Queiroga foi ministro da Saúde do governo Bolsonaro Marcelo Camargo/Agência Brasil

O STF (Supremo Tribunal Federal) retoma nesta segunda-feira (26) as audiências do processo que julga o ex-presidente Jair Bolsonaro e outros sete aliados por tentativa de golpe de Estado e uma série de crimes relacionados a um plano de golpe militar depois das eleições de 2022. Dez testemunhas de defesa do general Augusto Heleno serão ouvidas.

Entre os nomeados pelo ex-ministro do GSI (Gabinete de Segurança Institucional), estão o general Carlos Penteado — secretário-executivo do GSI durante a invasão das sedes dos Três Poderes no 8 de Janeiro — e Marcelo Queiroga, ex-ministro da Saúde. Ambos aturaram durante o governo de Bolsonaro.

Queiroga também será ouvido como testemunha do ex-ministro da Defesa Walter Braga Netto. Ele foi o quarto ministro da Saúde de Bolsonaro, atuando a partir de março de 2021 até o fim do mandato do ex-presidente, em dezembro de 2022.

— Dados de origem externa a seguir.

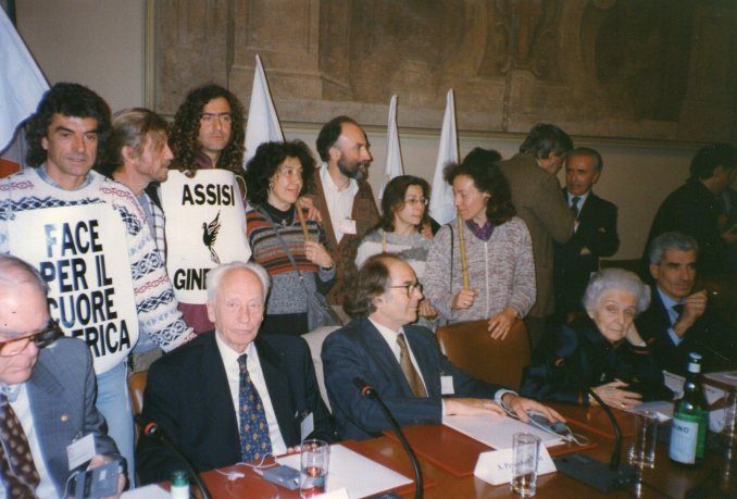 Ils m’ont tous convaincu d’accepter la proposition d’Adolfo : changer l’itinéraire de mon nouveau « pèlerinage » pour la paix, repartir vers le nord, vers Genève, cette fois depuis Assise, en suscitant en Italie la même solidarité que celle que nous avions suscitée au début de cette même année dans les villes de Catalogne et de France (grâce en grande partie aux réseaux internationaux d’Amnesty International). Mais le hic, c’était que Adolfo nous promettait d’obtenir le soutien de la dizaine de lauréats du prix Nobel qui se réuniraient à Milan le 6 décembre 1996. Ils nous y recevraient effectivement à la date fixée. Mais ce jour-là, tout ne s’est pas passé à merveille.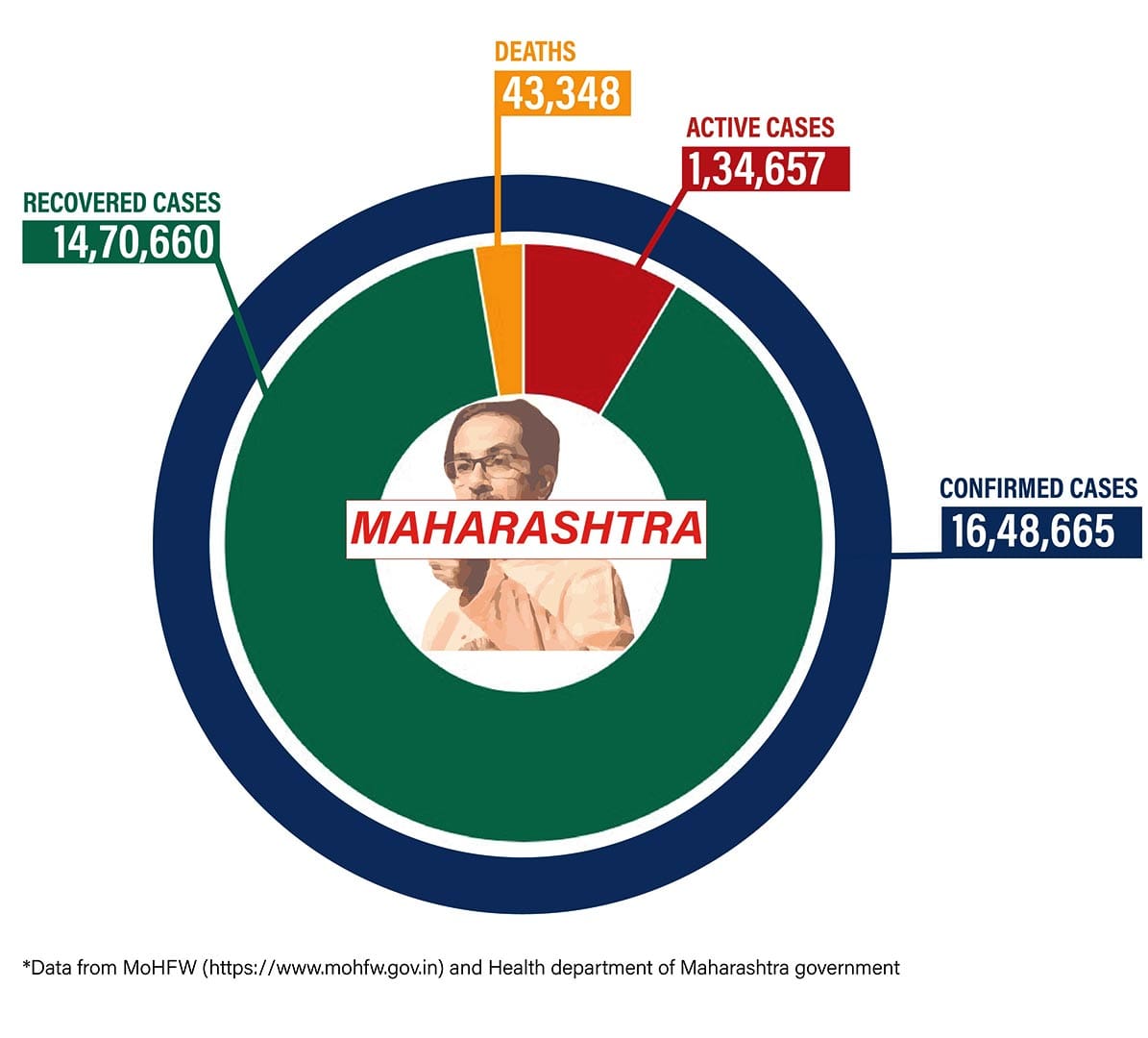 In the past 24 hours, 84 people died in the state, which has increased the state’s death toll to 43,348. This accounts for more than one-third of the total deaths in India, so far.

Testemunhas ouvidas nesta segunda:

  • Carlos José Russo Penteado;
  • Ricardo Ibsen Pennaforte de Campos;
  • Marcelo Antonio Cartaxo Queiroga;
  • Antonio Carlos de Oliveira Freitas;
  • Amilton Coutinho Ramos;
  • Ivan Gonçalves;
  • Valmor Falkemberg Boelhouwer;
  • Christian Perillier Schneider;
  • Osmar Lootens Machado;
  • Asdrubal Rocha Saraiva.

Os depoimentos começaram na última segunda (19), com falas de testemunhas de acusação indicadas pela PGR (Procuradoria-Geral da República). As testemunhas de defesa do ex-ajudante de ordens de Bolsonaro Mauro Cid foram ouvidas depois, seguidas das testemunhas do deputado federal Alexandre Ramagem, Braga Netto, Augusto Heleno e do ex-comandante da Marinha Almir Garnier.

Nesta semana, o STF ainda vai ouvir testemunhas de Anderson Torres (ex-ministro da Justiça e Segurança Pública) e do ex-presidente Bolsonaro. As audiências terminam em 2 de junho.

Entenda o que acontece depois

Finalizados os depoimentos, será aberta a etapa das alegações finais, quando defesa e acusação apresentam suas manifestações por escrito no prazo de 15 dias. Em seguida, o relator marcará a data para o interrogatório dos réus. Só após isso, o julgamento será pautado.

A expectativa dentro do STF é que o caso do “núcleo crucial” seja julgado entre setembro e outubro deste ano. O processo tramita na Primeira Turma da corte, composta pelos ministros:

Cristiano Zanin (presidente da Turma);
Alexandre de Moraes (relator do caso);
Cármen Lúcia;
Flávio Dino;
Luiz Fux.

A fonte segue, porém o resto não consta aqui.